Aku pun meninggalkan Ardi dengan tatapan kosong yang tak tentu arahnya kemana.
            Sesamapai di rumah, Ibu menyambutku dan membicarakan tentang sekolaku di MAN. Sepertinya Ibu dan Ayah begitu mendukung dan berharap aku mau sekolah di MAN. Dengan langkah gontai aku duduk di ruang tamu  bersama ibu dan ayah.
“Bu, sekarag Dini mau sekolah di MAN.” Jawabku sambil menunduk.
“Alhamdulillah, besok kamu mulai berkemas karena kamu akan di kirim di pondok.” Jawab ayah.
“Lhoh, kenapa harus di pondok?
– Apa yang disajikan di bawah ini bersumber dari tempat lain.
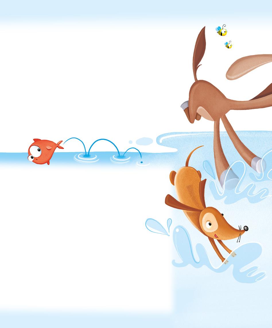 - Certo! Venite! - rispose la rana sorridendo. Così i tre amici trascorsero il pomeriggio a nuotare nel fiume e a ridere insieme.
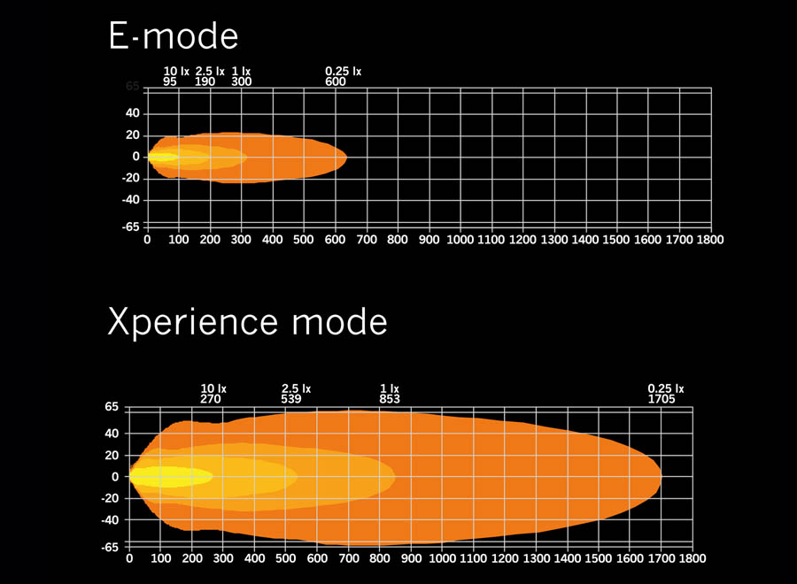 Leuchtweite bei 1lux (m) E-mode: 300 Xperience: 853

Dini kan bisa tinggal di rumah? Bisa pulang pergi kan yah?” jawabku.
“Nggak, kamu harus di pondok bersama budhemu. Disana kan ada budhemu, jadi kamu  bisa belajar mandiri juga di sana.”
“Iya yah, Dini mau.”
            Beberapa minggu setelah itu, aku benar-benar menjadi anak pondokan. Sesuatu yang menurutku begitu asing. Apalagi dengan kegiatan di MAN yang belum pernah aku rasakan sebelumnya. Disibukkan dengan berbagai tugas dan banyak menyita waktu. Sekolahku memang salah satu sekolah favorit di sini. Namun hari-hari MOS (Masa Orientasi Siswa) kulalui dengan perasaan tak menentu. Aku harus meninggalkan orang-orang yang kusayangi, tanpa teman, saudara bahkan keluarga terdekatku. Aku benar menjadi mandiri sekarang.
            Seminggu menjalani MOS rasanya sudah seperti bertahun-tahun, waktu begitu lama bergulir. Hingga akhirnya aku menemukan sosok kakak pembimbing yang begitu anggun dengan wibawanya. Dia adalah Sukma. Dia begitu manis dengan senyumnya, dan begitu teduh dengan jilbab yang terurai lembut. Dia selalu memberi dukungan agar aku tak pernah menyerah.
“Aku dulu juga dari SMP, malah kamu lebih beruntung dari pada aku. Dulu MOS nya lebih parah dari ini, kamu harus jadi anak yang kuat. Kamu sekarang kan udah SMA. Udah nggak ada waktu lagi buat cengeng. Semangat ya dek.” Kata Mbak Sukma suatu hari.
Setelah MOS itu, pelajaran berlangsung seperti biasa. Terasa berat memang, namun pada akhirnya aku menemukan teman-teman yang mendukungku. Ternyata bukan hanya aku yang seperti ini, tapi Rena temanku sekelas juga merasakan hal yang sama. Dia juga ngga betah dengan kondisi di sini.
            Namun, aku juga tak ingin menyerah. Kasihan juga orangtuaku apabila aku minta pindah. Hingga suatu saat aku menerima kabar yang tak ingin ku ketahui. Ardi, sosok pria tinggi berkulit putih itu meninggal dunia. Dan lebih parahnya lagi aku tak ada di sampingnya di saat hari-hari akhirnya. Karena setelah kelulusan itu aku langsung pindah di pondok dan putus kontak dari dia.
            Belum ada 2 bulan aku di MAN aku sudah harus kehilangan Ardi, lantas siapa yang akan memberiku semangat lagi? Dia teman terbaikku. Tapi dia harus meninggalkanku lebih dulu. Batinku terasa semakin sesak. Entah mengapa ada kegetiran yang tak bisa ku ungkapkan.
            Sore itu, sekitar jam 4 aku masih di MAN bersama kakak-kakak ekstra. Satu hal yang ku rasa di sini. Sebuah kedamaian yang ku rasa saat ku di SMP dulu. Mungkin jiwa SMP ku belum bisa sepenuhnya hilang meski sudah ku coba untuk melupakan kenangan buruk itu.
“Apa yang kita pilih, harus bisa kita pertanggung jawabkan.” Kata seorang kakak ektra waktu itu.
Mendung yang sedari tadi menghantui kian lama kian deras menghujam batinku, “ya Allah ya Rabb, ini pilihanku, namun mengapa aku tak bisa mempertanggung jawabkannya?” bisikku dalam hati.
Aku mulai sadar, dengan prestasiku yang semakin menurun ini malah membuat orang tuaku kecewa. Dan semenjak itu aku bertekad meski tak ada Ardi di sisi ku lagi, aku harus bisa jadi seperti yang di inginkan Ardi. Aku harus bisa menjadi gadis yang tangguh dan tak mudah putus asa.
Ya Allah, dalam hari-hari akhirku ini aku sering melupakan-Mu karena masalah yang sering datang bergilir, kini aku menyadari rencana-Mu membuatku lebih dewasa dengan segala yang kumiliki saat ini. Terimakasih ya Allah atas segala lindungan-Mu hingga saat ini.